== WHAT THE TASK ASKS ==
Leave out all pictures. Return exactly the lines from the top of the material through the line containing "Item: Star Trek: Nero".

== DATA BELOW ==
>>>>

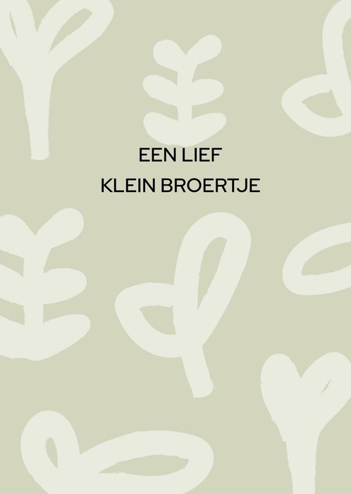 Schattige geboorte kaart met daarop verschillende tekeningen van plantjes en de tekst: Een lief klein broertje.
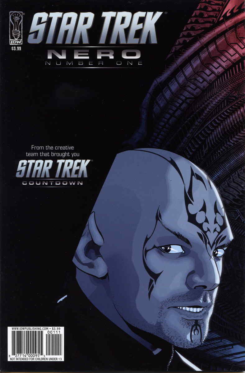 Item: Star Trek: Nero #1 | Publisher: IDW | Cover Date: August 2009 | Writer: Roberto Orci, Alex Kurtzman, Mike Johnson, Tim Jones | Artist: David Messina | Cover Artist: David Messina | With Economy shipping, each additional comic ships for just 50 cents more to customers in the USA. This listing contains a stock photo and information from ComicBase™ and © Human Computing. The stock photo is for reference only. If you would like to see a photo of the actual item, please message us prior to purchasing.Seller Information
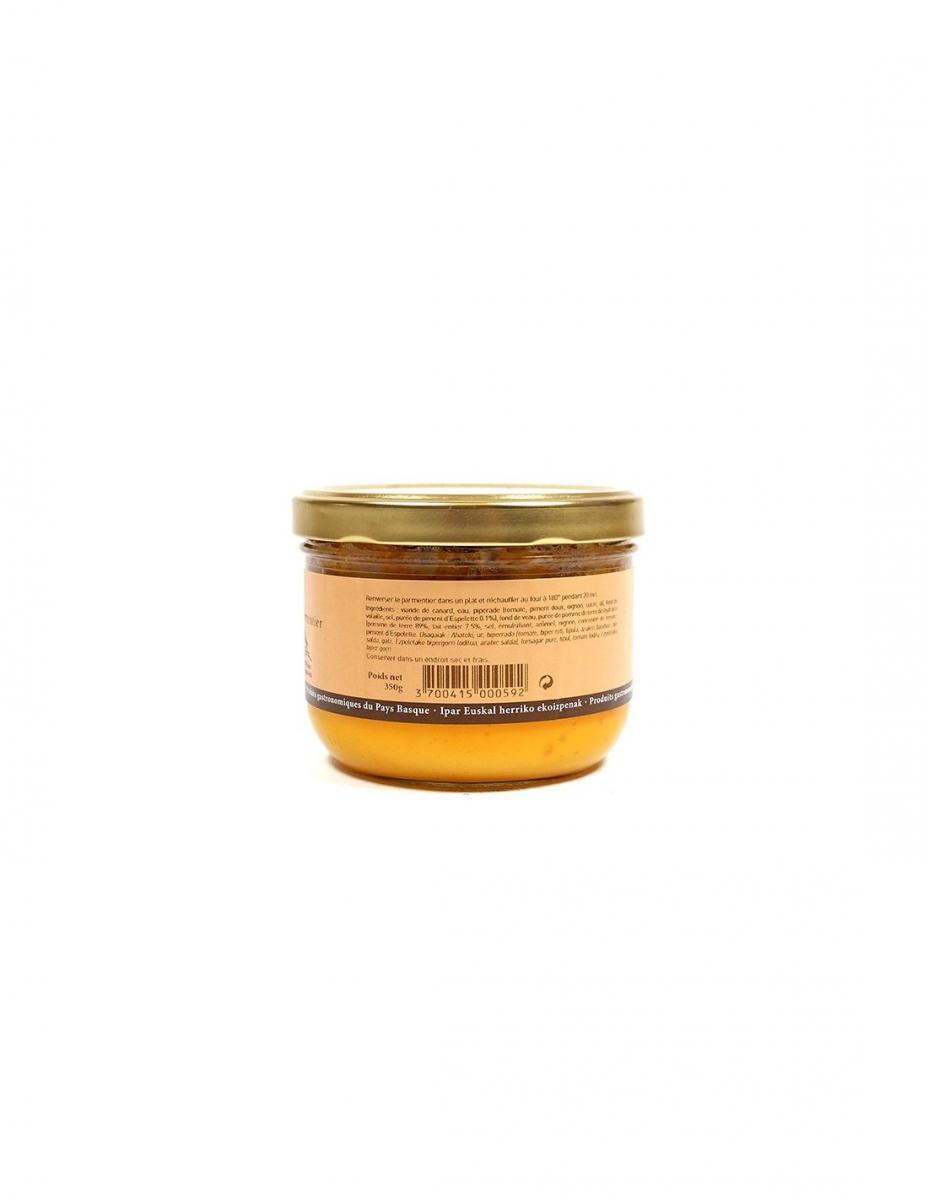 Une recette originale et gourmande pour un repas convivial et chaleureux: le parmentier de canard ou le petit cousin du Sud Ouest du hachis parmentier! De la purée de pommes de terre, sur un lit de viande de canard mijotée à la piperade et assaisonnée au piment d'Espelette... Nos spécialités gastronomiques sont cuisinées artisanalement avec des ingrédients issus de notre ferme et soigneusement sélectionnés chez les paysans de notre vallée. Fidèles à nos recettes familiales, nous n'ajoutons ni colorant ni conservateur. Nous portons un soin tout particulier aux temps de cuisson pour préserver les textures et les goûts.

<<<<

== WRITTEN ANSWER ==
 Schattige geboorte kaart met daarop verschillende tekeningen van plantjes en de tekst: Een lief klein broertje.
 Item: Star Trek: Nero #1 | Publisher: IDW | Cover Date: August 2009 | Writer: Roberto Orci, Alex Kurtzman, Mike Johnson, Tim Jones | Artist: David Messina | Cover Artist: David Messina | With Economy shipping, each additional comic ships for just 50 cents more to customers in the USA. This listing contains a stock photo and information from ComicBase™ and © Human Computing. The stock photo is for reference only. If you would like to see a photo of the actual item, please message us prior to purchasing.Seller Information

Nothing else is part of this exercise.